Could you repeat the entries below exactly, but only from the line with "Du kan slappe" through the line with "Repetition becomes rhythm: the", and without any picture?

§ **Data provided**
———
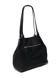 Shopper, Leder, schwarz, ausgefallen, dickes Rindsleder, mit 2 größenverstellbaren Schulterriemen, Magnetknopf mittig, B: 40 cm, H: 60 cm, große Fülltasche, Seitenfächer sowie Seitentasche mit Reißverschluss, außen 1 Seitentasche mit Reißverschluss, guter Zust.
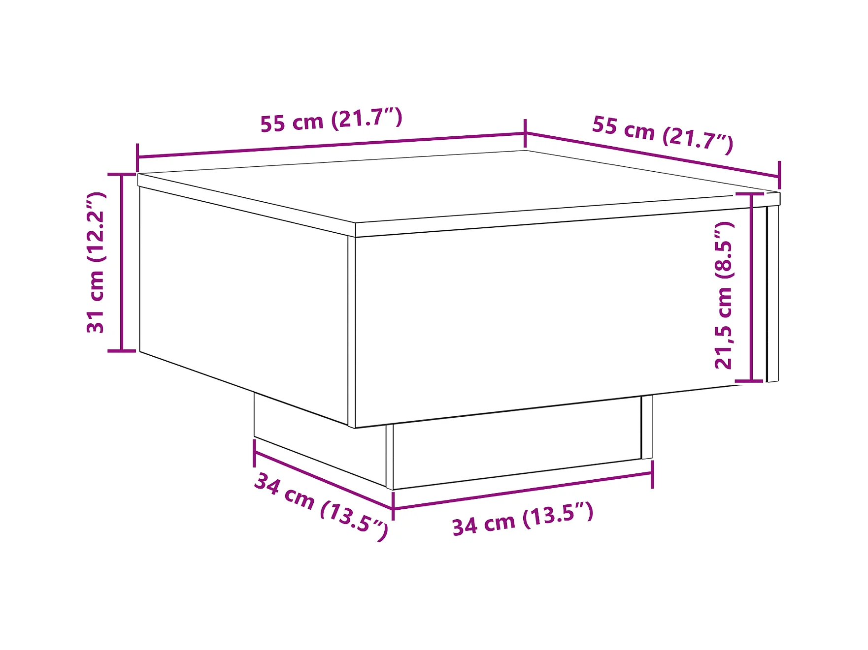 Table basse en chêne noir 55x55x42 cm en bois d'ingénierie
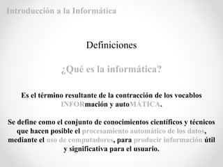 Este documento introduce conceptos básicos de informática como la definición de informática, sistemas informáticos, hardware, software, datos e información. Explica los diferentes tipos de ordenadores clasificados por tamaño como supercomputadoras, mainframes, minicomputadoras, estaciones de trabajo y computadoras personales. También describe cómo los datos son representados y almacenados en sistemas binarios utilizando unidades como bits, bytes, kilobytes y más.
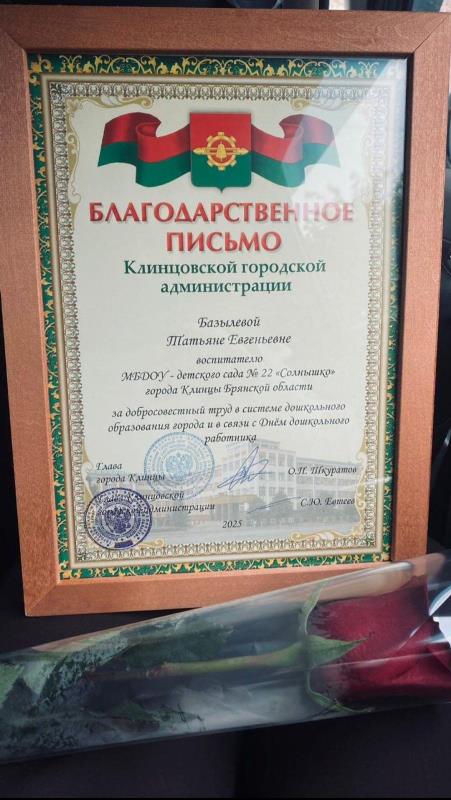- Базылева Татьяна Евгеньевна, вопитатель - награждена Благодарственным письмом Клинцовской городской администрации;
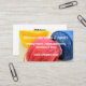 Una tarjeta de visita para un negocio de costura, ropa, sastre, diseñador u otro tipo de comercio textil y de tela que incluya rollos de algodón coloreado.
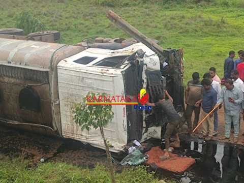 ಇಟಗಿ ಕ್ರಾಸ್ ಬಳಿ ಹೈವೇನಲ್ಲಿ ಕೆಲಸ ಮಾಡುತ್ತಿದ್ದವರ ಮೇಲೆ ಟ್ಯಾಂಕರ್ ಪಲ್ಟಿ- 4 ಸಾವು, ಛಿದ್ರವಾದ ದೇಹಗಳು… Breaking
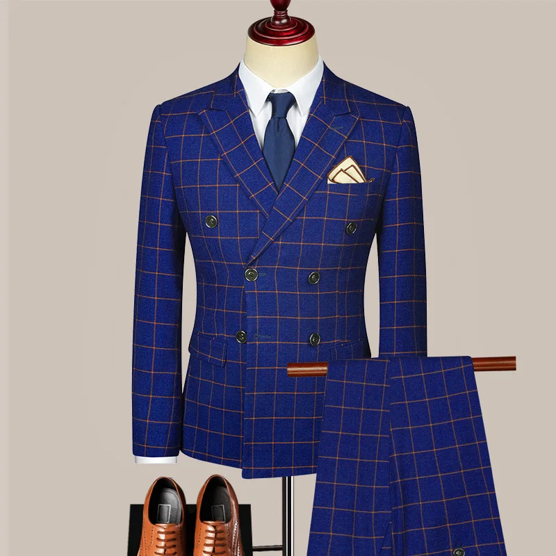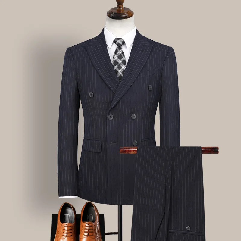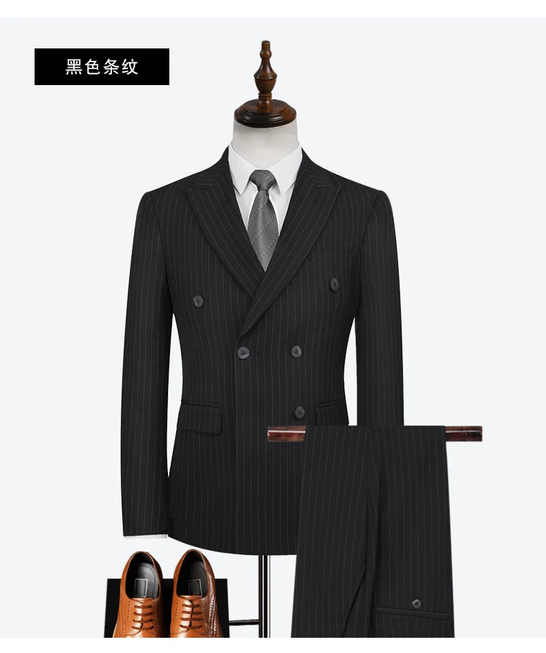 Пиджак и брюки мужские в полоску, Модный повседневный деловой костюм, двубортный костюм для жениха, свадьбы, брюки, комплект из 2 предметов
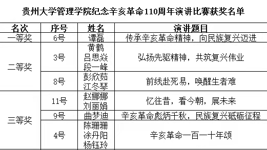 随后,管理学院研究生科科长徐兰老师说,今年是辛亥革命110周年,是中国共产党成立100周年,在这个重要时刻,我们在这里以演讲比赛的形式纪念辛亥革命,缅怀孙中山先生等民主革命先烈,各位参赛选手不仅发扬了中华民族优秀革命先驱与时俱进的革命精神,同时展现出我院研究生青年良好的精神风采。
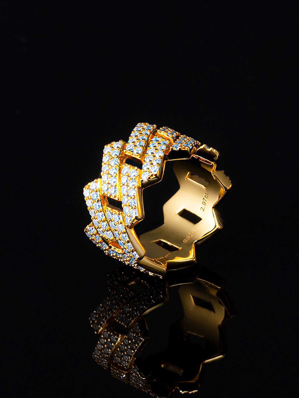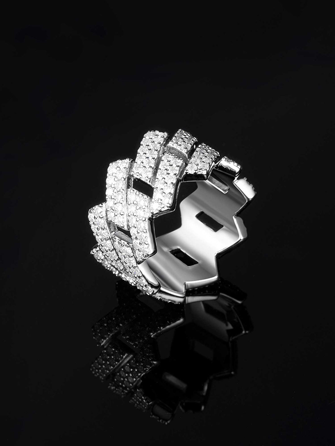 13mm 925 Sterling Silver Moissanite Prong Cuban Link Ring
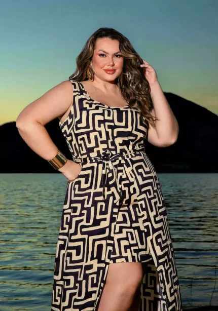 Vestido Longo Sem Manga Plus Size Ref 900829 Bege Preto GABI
———
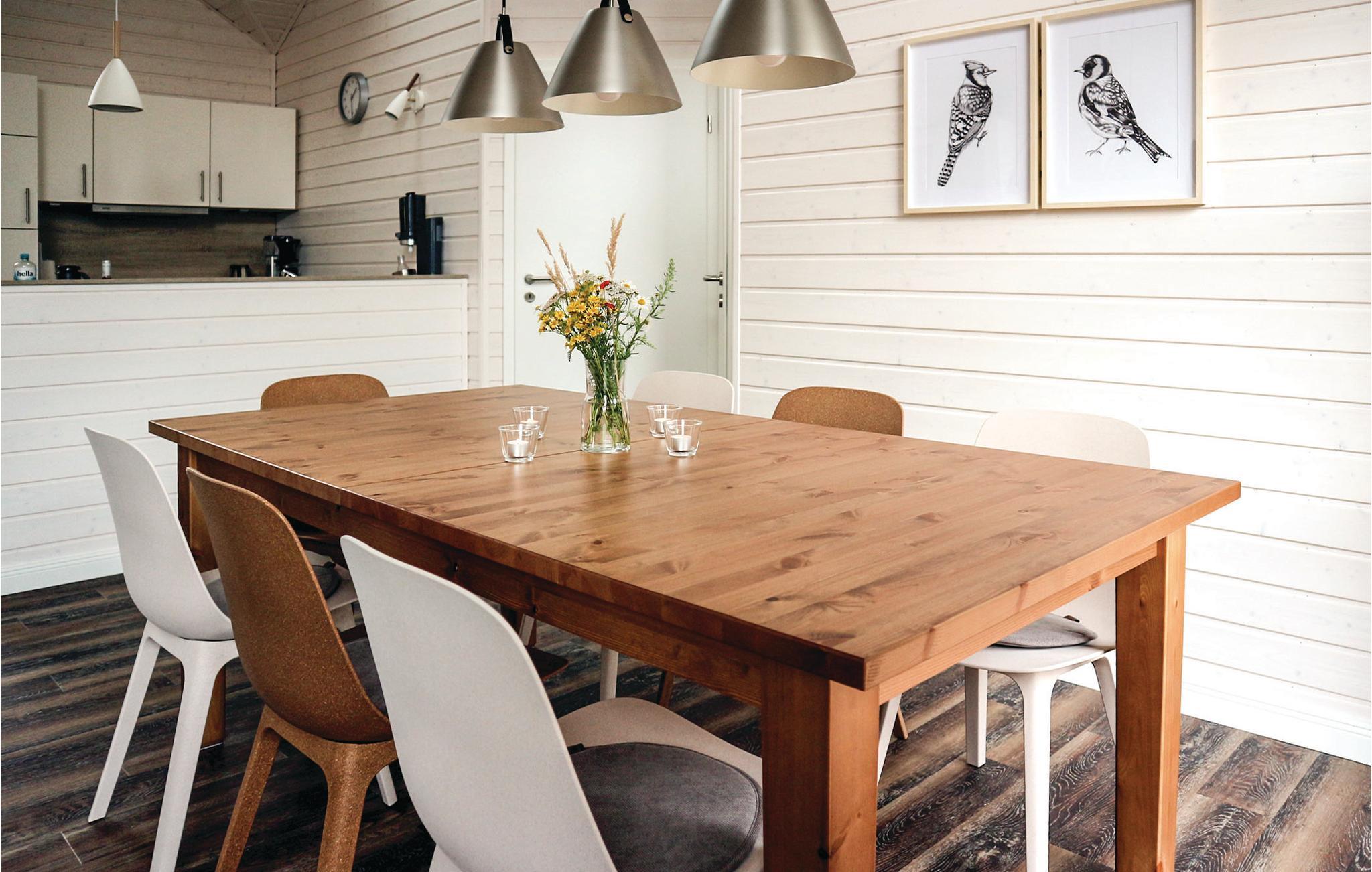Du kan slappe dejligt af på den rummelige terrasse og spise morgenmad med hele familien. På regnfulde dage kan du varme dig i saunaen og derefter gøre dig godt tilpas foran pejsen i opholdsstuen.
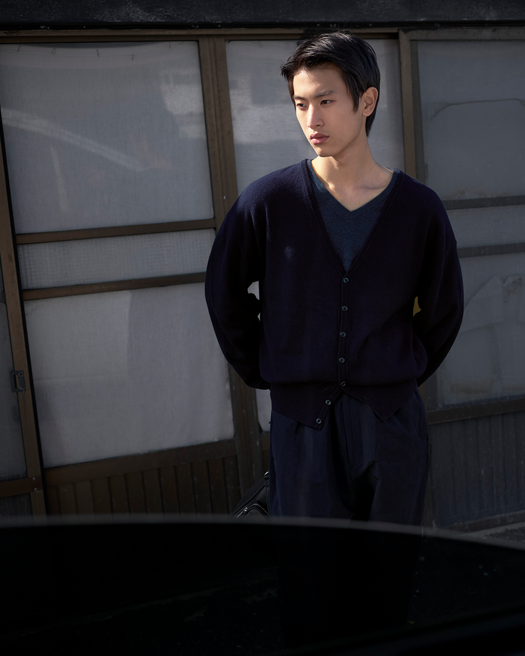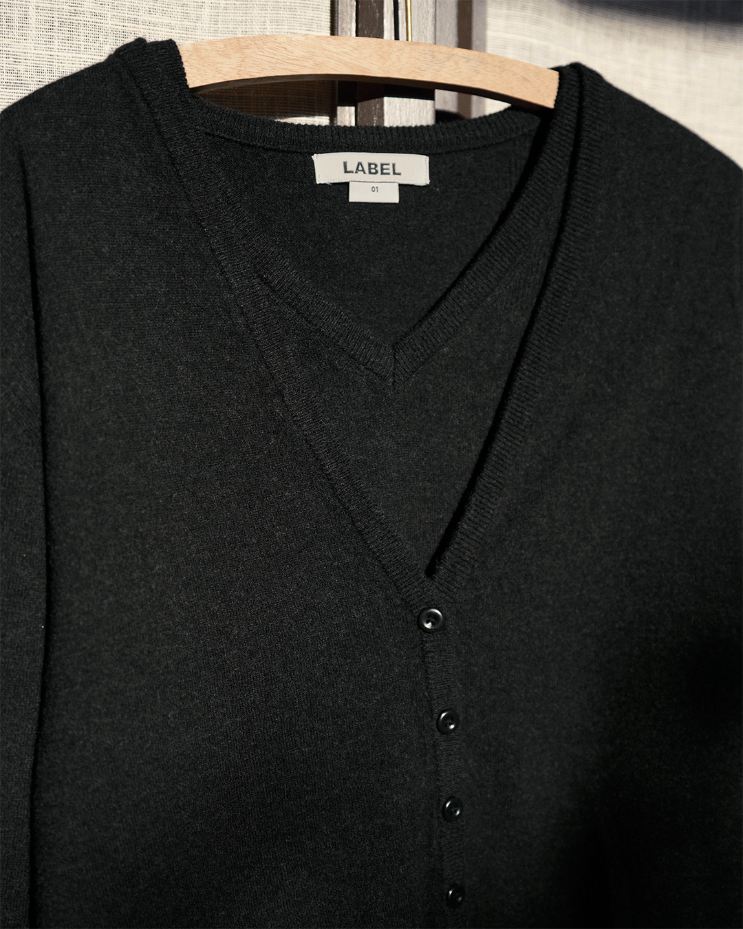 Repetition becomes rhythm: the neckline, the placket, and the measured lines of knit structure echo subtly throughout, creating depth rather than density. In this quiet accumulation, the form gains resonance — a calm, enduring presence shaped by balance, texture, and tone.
———
§ **Final answer**
Du kan slappe dejligt af på den rummelige terrasse og spise morgenmad med hele familien. På regnfulde dage kan du varme dig i saunaen og derefter gøre dig godt tilpas foran pejsen i opholdsstuen.
 Repetition becomes rhythm: the neckline, the placket, and the measured lines of knit structure echo subtly throughout, creating depth rather than density. In this quiet accumulation, the form gains resonance — a calm, enduring presence shaped by balance, texture, and tone.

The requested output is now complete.